After writing my first blog post on deriving batch backpropagation, it always bothered me that the post seemed to have too little diagrams. So, in this post, my goal is to derive batch backpropagation by using as many diagrams as possible.
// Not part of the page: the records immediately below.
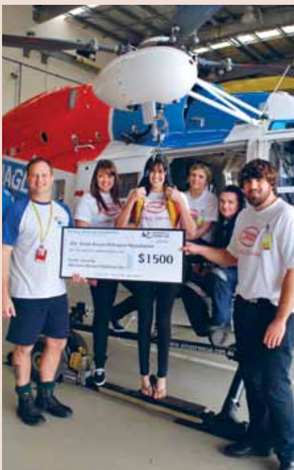
USC students present $1,500 to the AGL Action Rescue Helicopter Service crew.

THE community spirit of a team of Public Relations students from USC has been recognised by one of the Sunshine Coast's key emergency services.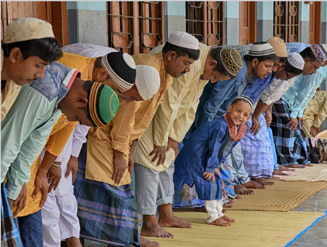
“INNOCENT LAUGH” © SUBHO SAHA, QPSA 2019 S4C International Exhibition of Photography Photojournalism Human Interest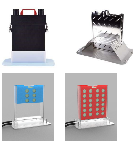
Washing Tank (new)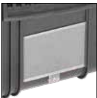
Shipping label holder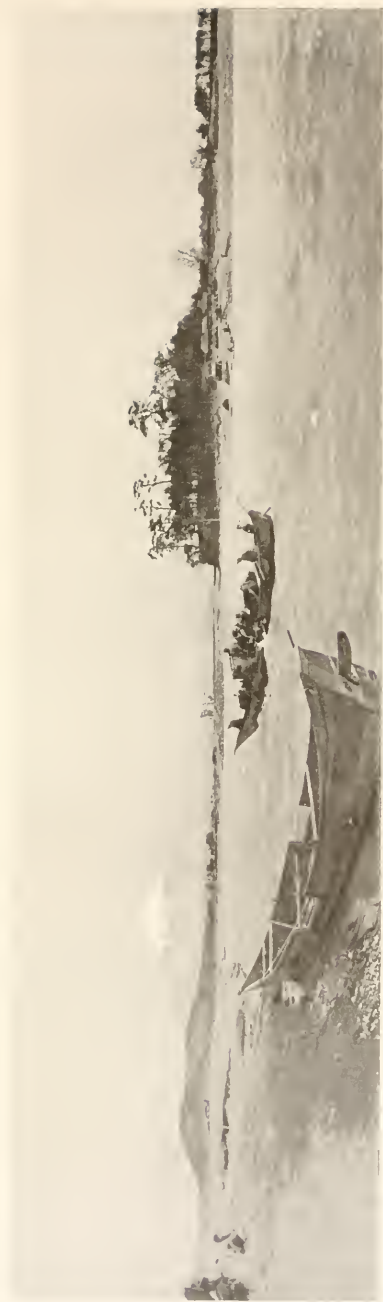
AN EMERALD AND SAPPHIRE TRAINING GROUND FOR JAPANESE SEAMEN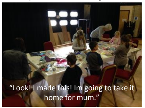
Easter Saturday Activities in Rohayader Nuiseut and Gallery is the Elan Valley Visitor Centre th April Ey Indi for 5-10 per Cell Webder for - Ipal Inte Mastar Eday

"That was great fun, thank you so much ... we've come back a second time as the kids are loving it so much"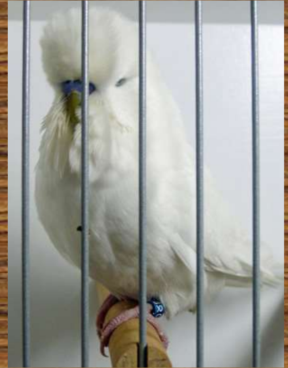
Alan Beutel TBS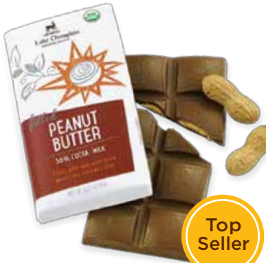
Milk Chocolate Peanut Butter Bar / 38% Cocoa Forget what you once knew about this timeless classic 1Y504-010001-1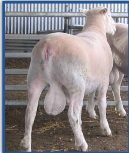
BRUAN 359/09 Sire: Pepperton 352-07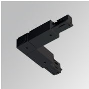
Product code: TKALODNB

Description: TRACK ACC INT 90° CORNER DALI/ONOFF WH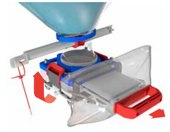
Pull out the front handle, marked number 2, to remove the active and passive sliders. Then raise the side toggles, marked number 3, to lock the system and create a contained seal.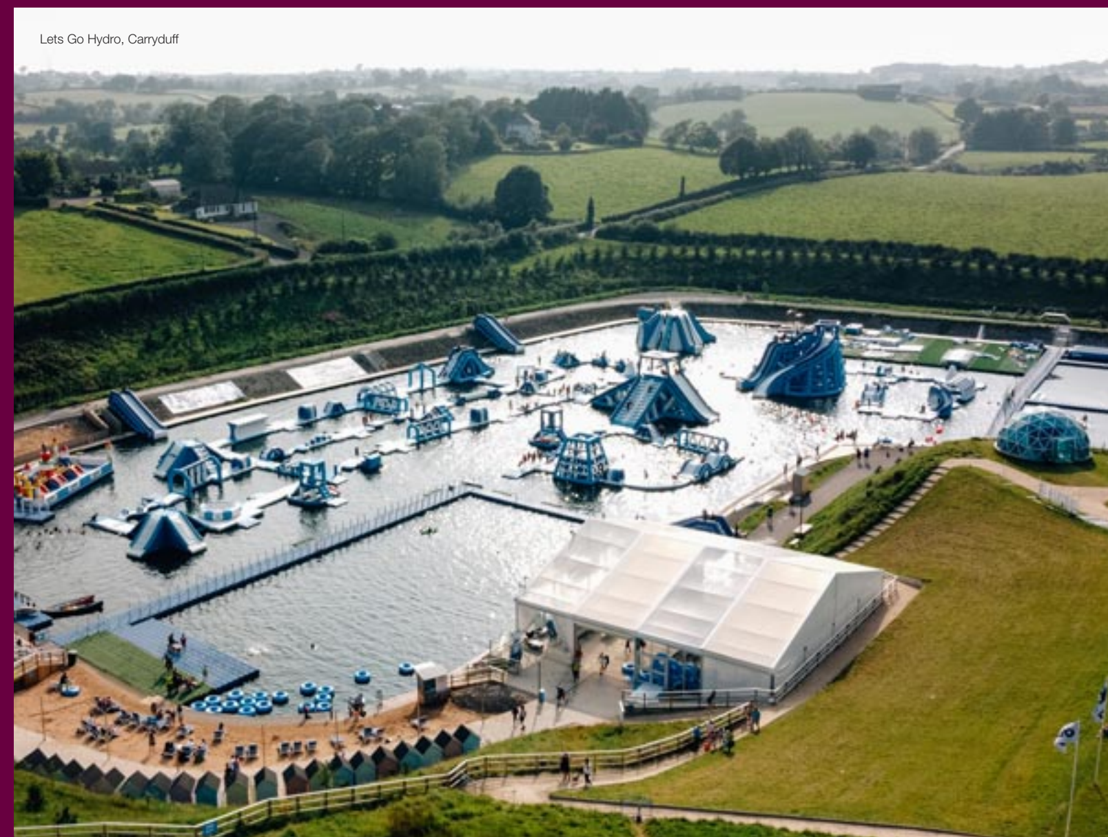
Lets Go Hydro, Carryduff

First, let me introduce you to a diagram that we will be using for the remainder of the post.

Forward pass.png
Figure 1: One layer feed-forward neural network with squared loss, and a batch size of 2

It might not seem obvious at first, but the diagram below is a one layer feed-forward neural network, with a batch size of two (denoted by the light and dark red colors) that outputs a single value which is scored by the squared error loss. Though, pictures probably explain it better than I do. Below is a diagram of the first row of the data matrix X multiplied by the first column of the weight matrix W^{1}

Forward pass only 1.png
Figure 2: First row of data matrix, multiplied by the first column of the first layer of weights

I’m going to assume that you already have a good idea of what happens in the forward pass so the diagram above should (hopefully) make sense (though if not please comment down below and I will explain further!) Now before we get into deriving backpropagation lets first define some notation

Notation

Input variables:

X = \begin{bmatrix} x_{1, 1} & x_{1, 2} \\ x_{2, 1} & x_{2, 2} \end{bmatrix}

First layer weights:

W^{1} = \begin{bmatrix} w^{1}_{1, 1} & w^{1}_{1, 2} &w^{1}_{1, 3} \\ w^{1}_{2, 1} & w^{1}_{2, 2} & w^{1}_{2, 3} \end{bmatrix}

First layer bias:

B^{1} = \begin{bmatrix} b^{1}_1 & b^{1}_2 & b^{1}_3 \\b^{1}_1 & b^{1}_2 & b^{1}_3 \end{bmatrix}

First layer linear combination:

L^{1} = XW^{1} + B^{1}= \begin{bmatrix} l^{1}_{1,1} & l^{1}_{1, 2} & l^{1}_{1, 3} \\ l^{1}_{2, 1} & l^{1}_{2, 2} & l^{1}_{2, 3} \end{bmatrix} = \begin{bmatrix} x_{1, 1} w^{1}_{1, 1} + x_{1, 2} w^{1}_{2, 1}+b^{1}_1 & x_{1, 1} w^{1}_{1, 2} + x_{1, 2} w^{1}_{2, 2}+b^{1}_2 & x_{1, 1} w^{1}_{1, 3} + x_{1, 2} w^{1}_{2, 3}+b^{1}_3 \\ x_{2, 1} w^{1}_{1, 1} + x_{2, 2} w^{1}_{2, 1}+b^{1}_1 & x_{2, 1} w^{1}_{1, 2} + x_{2, 2} w^{1}_{2, 2}+b^{1}_2 & x_{2, 1} w^{1}_{1, 3} + x_{2, 2} w^{1}_{2, 3}+b^{1}_3 \end{bmatrix}

First hidden layer:

H^{1} =\begin{bmatrix} \sigma(l^{1}_{1,1}) & \sigma(l^{1}_{1, 2}) &\sigma(l^{1}_{1, 3}) \\ \sigma(l^{1}_{2, 1}) & \sigma(l^{1}_{2, 2}) & \sigma(l^{1}_{2, 3}) \end{bmatrix}

Output layer weights:

W^{2} = \begin{bmatrix} w^{2}_{1, 1} \\ w^{2}_{2,1} \\ w^{2}_{3,1} \end{bmatrix}

Output layer bias:

B^{2} = \begin{bmatrix} b^{2}_1 \\ b^{2}_1\end{bmatrix}

Output layer:

\hat{Y} = H^{1}W^{2} + B^{2} = \begin{bmatrix} \hat{y}_1 \\ \hat{y}_2  \end{bmatrix}

Loss:

L(\hat{y}_{1,1}, y_{1,1}, \hat{y}_{2,1}, y_{2,1}) = \frac{1}{2}\sum_{i=1}^{2}(\hat{y}_{i,1} - y_{i,1})^{2}

Deriving backpropagation by following lines

Before we start getting into the details, we should first understand how backpropagation works from a high level. The goal of backpropagation is to calculate how much the final error value changes given a change some node (be it a weight node or a hidden variable node).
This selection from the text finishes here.